Return all of the entries exactly, but do not include the pictures.

Excerpted data ->
──────────────────────────────
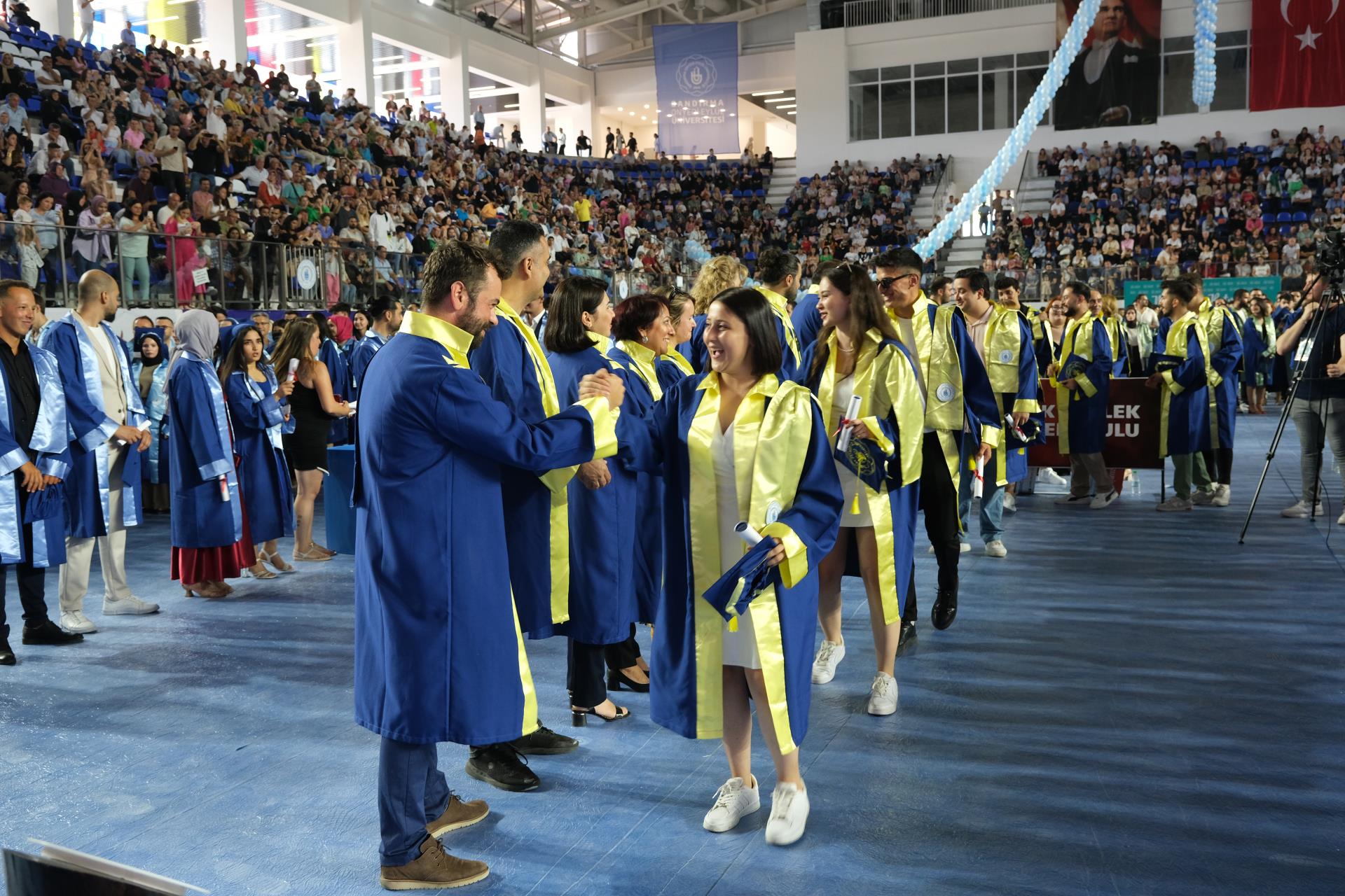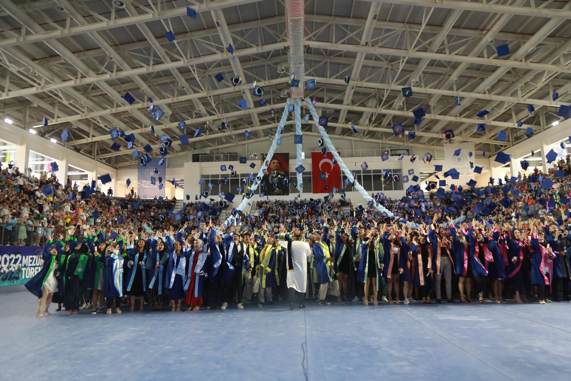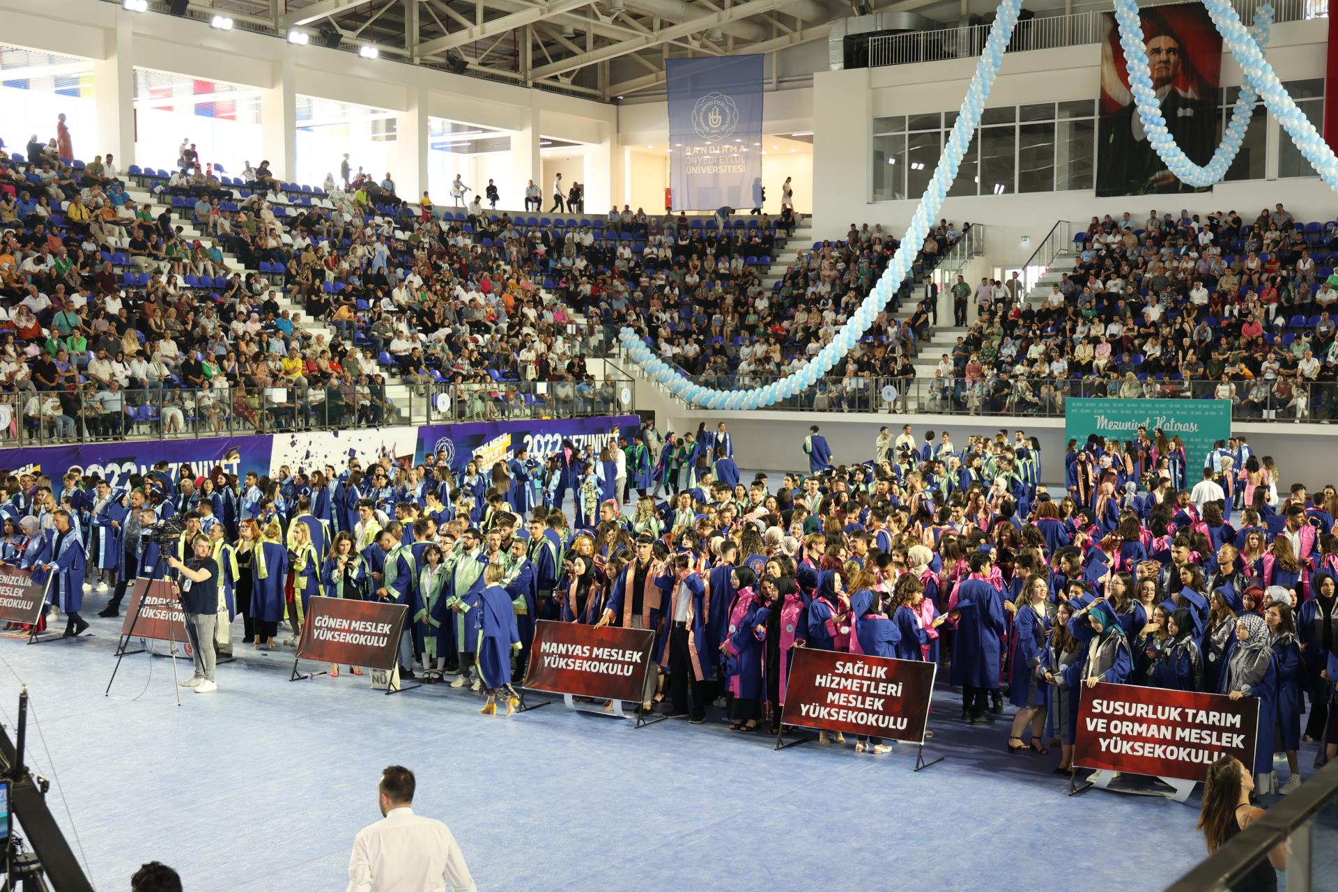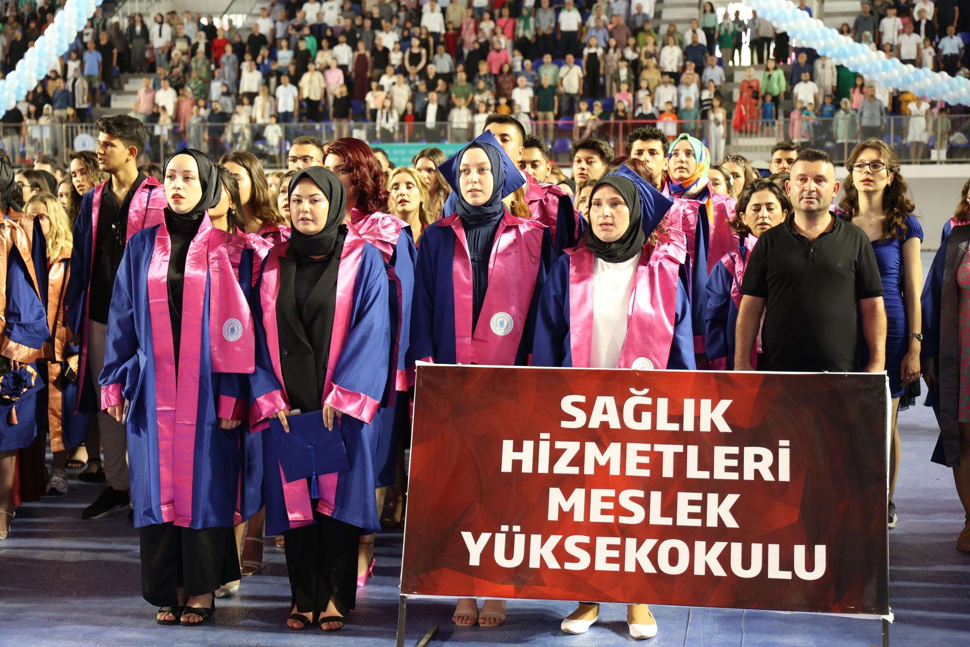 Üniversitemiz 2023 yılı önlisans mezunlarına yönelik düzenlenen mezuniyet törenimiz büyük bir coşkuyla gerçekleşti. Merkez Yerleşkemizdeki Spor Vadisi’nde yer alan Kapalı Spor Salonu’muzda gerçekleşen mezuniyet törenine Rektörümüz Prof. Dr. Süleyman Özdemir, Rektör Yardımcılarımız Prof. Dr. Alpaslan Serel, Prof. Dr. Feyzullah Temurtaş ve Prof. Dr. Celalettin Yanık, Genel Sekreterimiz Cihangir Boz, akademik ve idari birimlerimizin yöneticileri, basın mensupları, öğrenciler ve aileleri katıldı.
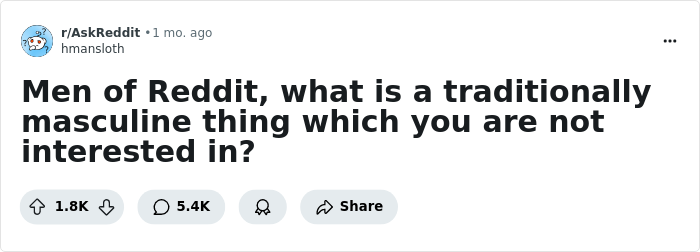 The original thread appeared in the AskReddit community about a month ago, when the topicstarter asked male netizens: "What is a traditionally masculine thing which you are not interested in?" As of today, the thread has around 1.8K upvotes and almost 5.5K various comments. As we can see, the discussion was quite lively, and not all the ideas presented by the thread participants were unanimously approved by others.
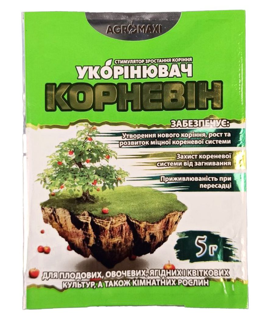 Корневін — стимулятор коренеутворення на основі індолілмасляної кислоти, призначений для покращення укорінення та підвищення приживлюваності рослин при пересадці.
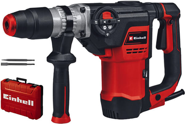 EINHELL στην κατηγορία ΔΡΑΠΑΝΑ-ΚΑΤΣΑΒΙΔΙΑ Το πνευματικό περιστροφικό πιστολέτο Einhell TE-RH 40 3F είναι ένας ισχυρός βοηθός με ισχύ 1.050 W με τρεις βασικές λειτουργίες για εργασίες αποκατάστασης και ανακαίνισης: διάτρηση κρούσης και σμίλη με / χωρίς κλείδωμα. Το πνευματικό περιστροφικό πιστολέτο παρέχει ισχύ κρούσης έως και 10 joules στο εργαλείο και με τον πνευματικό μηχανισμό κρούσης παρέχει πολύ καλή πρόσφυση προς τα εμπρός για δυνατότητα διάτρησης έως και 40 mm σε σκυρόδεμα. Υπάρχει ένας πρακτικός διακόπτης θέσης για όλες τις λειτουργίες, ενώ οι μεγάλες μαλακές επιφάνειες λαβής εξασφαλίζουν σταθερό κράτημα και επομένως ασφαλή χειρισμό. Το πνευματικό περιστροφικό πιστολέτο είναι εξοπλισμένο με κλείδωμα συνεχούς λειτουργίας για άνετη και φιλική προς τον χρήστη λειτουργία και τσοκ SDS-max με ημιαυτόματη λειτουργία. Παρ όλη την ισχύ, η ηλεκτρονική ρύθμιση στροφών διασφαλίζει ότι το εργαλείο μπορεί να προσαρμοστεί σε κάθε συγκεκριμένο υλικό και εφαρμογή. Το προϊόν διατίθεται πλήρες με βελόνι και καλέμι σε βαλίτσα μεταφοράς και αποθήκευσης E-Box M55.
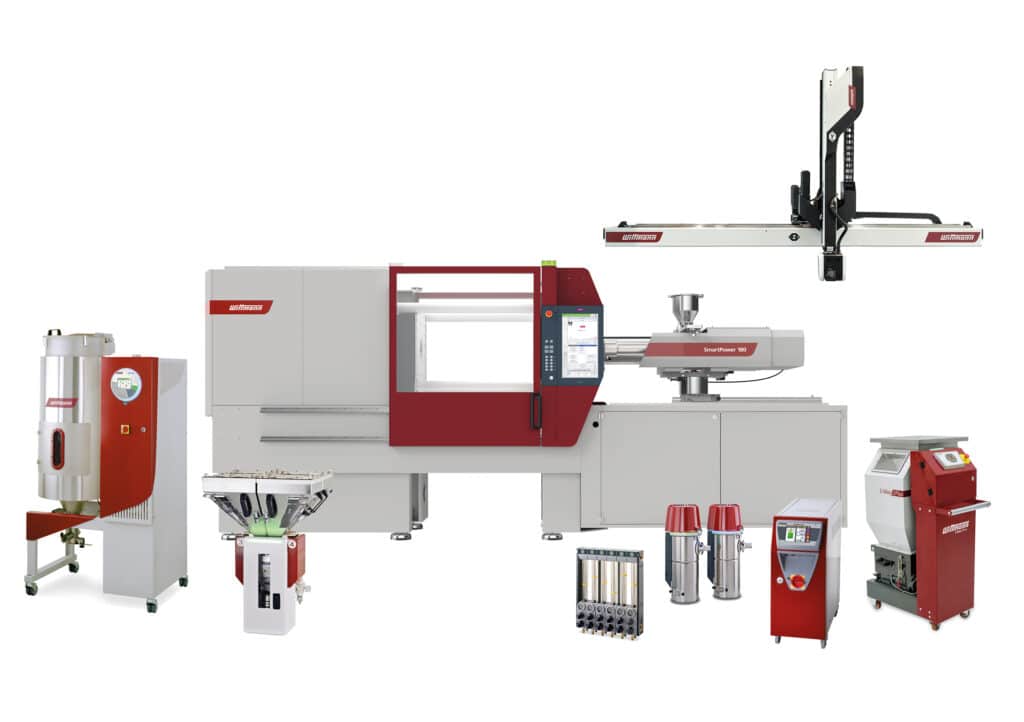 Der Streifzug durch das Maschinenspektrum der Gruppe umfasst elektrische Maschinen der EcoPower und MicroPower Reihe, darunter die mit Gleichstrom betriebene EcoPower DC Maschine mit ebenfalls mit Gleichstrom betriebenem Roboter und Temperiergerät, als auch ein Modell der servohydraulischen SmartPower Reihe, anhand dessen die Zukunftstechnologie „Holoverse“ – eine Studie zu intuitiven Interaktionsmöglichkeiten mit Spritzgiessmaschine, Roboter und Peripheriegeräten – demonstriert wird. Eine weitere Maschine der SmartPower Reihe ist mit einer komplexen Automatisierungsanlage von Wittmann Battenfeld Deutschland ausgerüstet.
──────────────────────────────
Your response ->
 Üniversitemiz 2023 yılı önlisans mezunlarına yönelik düzenlenen mezuniyet törenimiz büyük bir coşkuyla gerçekleşti. Merkez Yerleşkemizdeki Spor Vadisi’nde yer alan Kapalı Spor Salonu’muzda gerçekleşen mezuniyet törenine Rektörümüz Prof. Dr. Süleyman Özdemir, Rektör Yardımcılarımız Prof. Dr. Alpaslan Serel, Prof. Dr. Feyzullah Temurtaş ve Prof. Dr. Celalettin Yanık, Genel Sekreterimiz Cihangir Boz, akademik ve idari birimlerimizin yöneticileri, basın mensupları, öğrenciler ve aileleri katıldı.
 The original thread appeared in the AskReddit community about a month ago, when the topicstarter asked male netizens: "What is a traditionally masculine thing which you are not interested in?" As of today, the thread has around 1.8K upvotes and almost 5.5K various comments. As we can see, the discussion was quite lively, and not all the ideas presented by the thread participants were unanimously approved by others.
 Корневін — стимулятор коренеутворення на основі індолілмасляної кислоти, призначений для покращення укорінення та підвищення приживлюваності рослин при пересадці.
 EINHELL στην κατηγορία ΔΡΑΠΑΝΑ-ΚΑΤΣΑΒΙΔΙΑ Το πνευματικό περιστροφικό πιστολέτο Einhell TE-RH 40 3F είναι ένας ισχυρός βοηθός με ισχύ 1.050 W με τρεις βασικές λειτουργίες για εργασίες αποκατάστασης και ανακαίνισης: διάτρηση κρούσης και σμίλη με / χωρίς κλείδωμα. Το πνευματικό περιστροφικό πιστολέτο παρέχει ισχύ κρούσης έως και 10 joules στο εργαλείο και με τον πνευματικό μηχανισμό κρούσης παρέχει πολύ καλή πρόσφυση προς τα εμπρός για δυνατότητα διάτρησης έως και 40 mm σε σκυρόδεμα. Υπάρχει ένας πρακτικός διακόπτης θέσης για όλες τις λειτουργίες, ενώ οι μεγάλες μαλακές επιφάνειες λαβής εξασφαλίζουν σταθερό κράτημα και επομένως ασφαλή χειρισμό. Το πνευματικό περιστροφικό πιστολέτο είναι εξοπλισμένο με κλείδωμα συνεχούς λειτουργίας για άνετη και φιλική προς τον χρήστη λειτουργία και τσοκ SDS-max με ημιαυτόματη λειτουργία. Παρ όλη την ισχύ, η ηλεκτρονική ρύθμιση στροφών διασφαλίζει ότι το εργαλείο μπορεί να προσαρμοστεί σε κάθε συγκεκριμένο υλικό και εφαρμογή. Το προϊόν διατίθεται πλήρες με βελόνι και καλέμι σε βαλίτσα μεταφοράς και αποθήκευσης E-Box M55.
 Der Streifzug durch das Maschinenspektrum der Gruppe umfasst elektrische Maschinen der EcoPower und MicroPower Reihe, darunter die mit Gleichstrom betriebene EcoPower DC Maschine mit ebenfalls mit Gleichstrom betriebenem Roboter und Temperiergerät, als auch ein Modell der servohydraulischen SmartPower Reihe, anhand dessen die Zukunftstechnologie „Holoverse“ – eine Studie zu intuitiven Interaktionsmöglichkeiten mit Spritzgiessmaschine, Roboter und Peripheriegeräten – demonstriert wird. Eine weitere Maschine der SmartPower Reihe ist mit einer komplexen Automatisierungsanlage von Wittmann Battenfeld Deutschland ausgerüstet.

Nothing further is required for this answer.